If there is one cliché that prevails in most portrayals of Artificial Intelligence (AI) in fiction, it is that machines completely lack imagination. This is a quality reserved for the human brain and unattainable for silicon brains, no matter how nearly limitless their processing power may be. Or not? If there is something that the progress of technology is showing us, it is that it is our imagination that falls short when it comes to predicting the future: precisely this quality, imagination, is already within the reach of machines thanks to a new type of algorithm called Generative Adversarial Network (GAN).
It was a night in 2014 when computational scientist Ian Goodfellow, then a doctoral student in the field of machine learning at the University of Montreal, Canada, met with some of his classmates at a bar to celebrate a graduation. During the evening a discussion arose about how to teach machines to invent representations of real objects, without copying existing ones, and so that the result looks like a real photograph.
AI systems are experts at handling huge volumes of data to solve problems, and can even learn without human supervision. But something as seemingly simple as creating for themselves a plausible image of, say, a human face, is an impossibly complicated task for them.

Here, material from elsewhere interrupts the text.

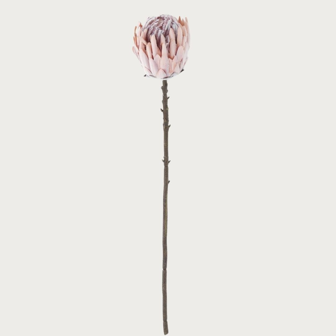 This flocked pink king protea stem is all about sculptural impact with a softened, romantic edge. The generously sized bloom features layered petals finished in a velvety flocked texture, giving it depth, warmth, and a quietly luxurious feel. Set atop a natural-looking stem, it strikes the perfect balance between bold and refined — the kind of floral accent that instantly elevates a space without trying too hard.

Some neuroscientists point out that the excellence of the human brain lies in our insurmountable ability to process patterns: from a very young age we can identify images of a face no matter how different they are from each other, because we know what makes a face a face. In recent years, deep learning algorithms used in neural networks – computing systems inspired by the human brain – have given machines an uncanny ability to recognize patterns, whether they are words in a conversation or the environment in which drives an autonomous vehicle.